**Directions for this task**
Write the listing out again exactly as it stands, with no images.

**Data**
- - -
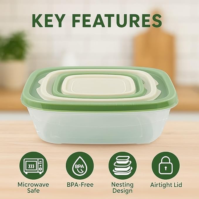 - حاويات تخزين الطعام لتنظيم الثلاجة: حافظ على الخضروات والفواكه مرتبة مع أغطية محكمة الإغلاق وإغلاق مانع للتسرب، لذلك يبدأ الصباح المصري المزدحم بفوضى أقل وإعداد وجبات أسرع.
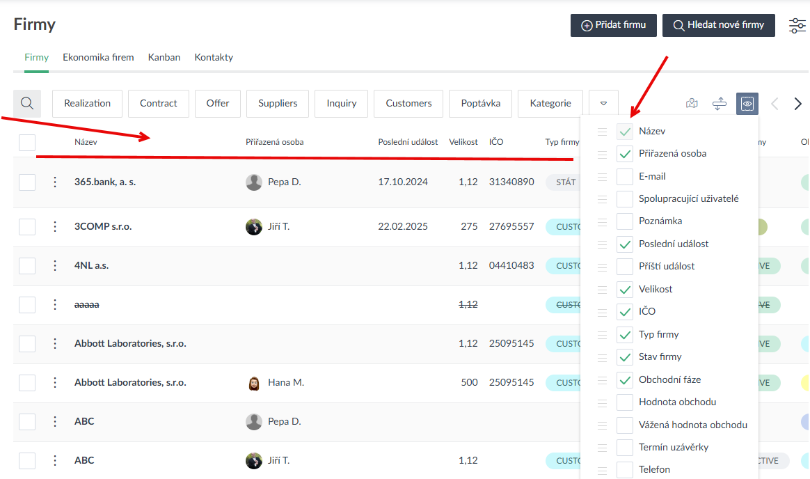Ukázka: viz výše, pro objekt Firmy jsme schovali atribut "Alias" a "Odhadovaná úspěšnost obchodu", nyní se vám tedy nebudou obrazovat v přehledu sloupců, filtrování ani v detailu Firmy.
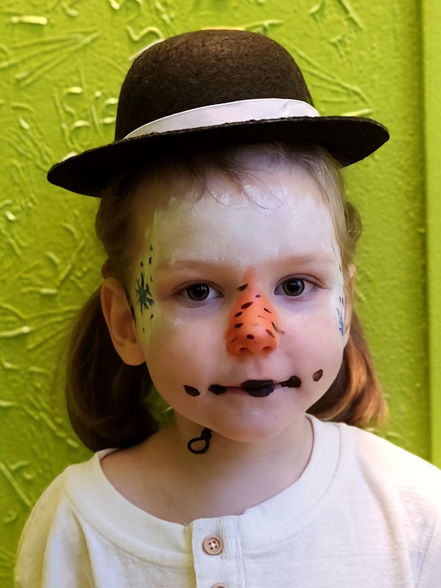 Šárka jako sněhulák. Původně měla nabílenou i spodní část obličeje,ale tu stihla rozmazat límcem bundy už cestou do výtahu. Uhlíky na puse jsou namalované mýma očníma linkama ve fixu, takže ty to vydržely ![]()
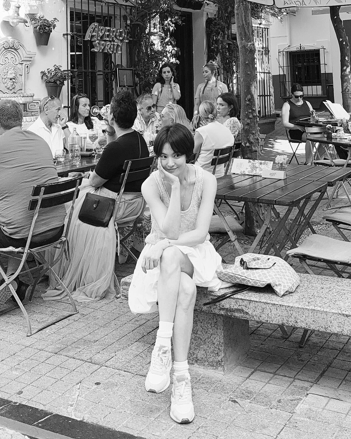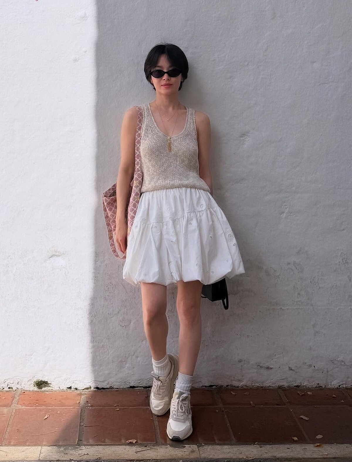 宋慧喬繼長髮白背心的造型後,換上了一套少女感十足的穿搭,以米色針織背心搭配白色澎裙以及白襪運動鞋的組合,在馬德里的艷陽之下,散發滿滿的逆齡少女風格,而這套造型中宋慧喬搭配了一個大型的印花托特包,這個包包便是來自西班牙品牌De La Mur。
- - -
**Your response**
 - حاويات تخزين الطعام لتنظيم الثلاجة: حافظ على الخضروات والفواكه مرتبة مع أغطية محكمة الإغلاق وإغلاق مانع للتسرب، لذلك يبدأ الصباح المصري المزدحم بفوضى أقل وإعداد وجبات أسرع.
Ukázka: viz výše, pro objekt Firmy jsme schovali atribut "Alias" a "Odhadovaná úspěšnost obchodu", nyní se vám tedy nebudou obrazovat v přehledu sloupců, filtrování ani v detailu Firmy.
 Šárka jako sněhulák. Původně měla nabílenou i spodní část obličeje,ale tu stihla rozmazat límcem bundy už cestou do výtahu. Uhlíky na puse jsou namalované mýma očníma linkama ve fixu, takže ty to vydržely ![]()
 宋慧喬繼長髮白背心的造型後,換上了一套少女感十足的穿搭,以米色針織背心搭配白色澎裙以及白襪運動鞋的組合,在馬德里的艷陽之下,散發滿滿的逆齡少女風格,而這套造型中宋慧喬搭配了一個大型的印花托特包,這個包包便是來自西班牙品牌De La Mur。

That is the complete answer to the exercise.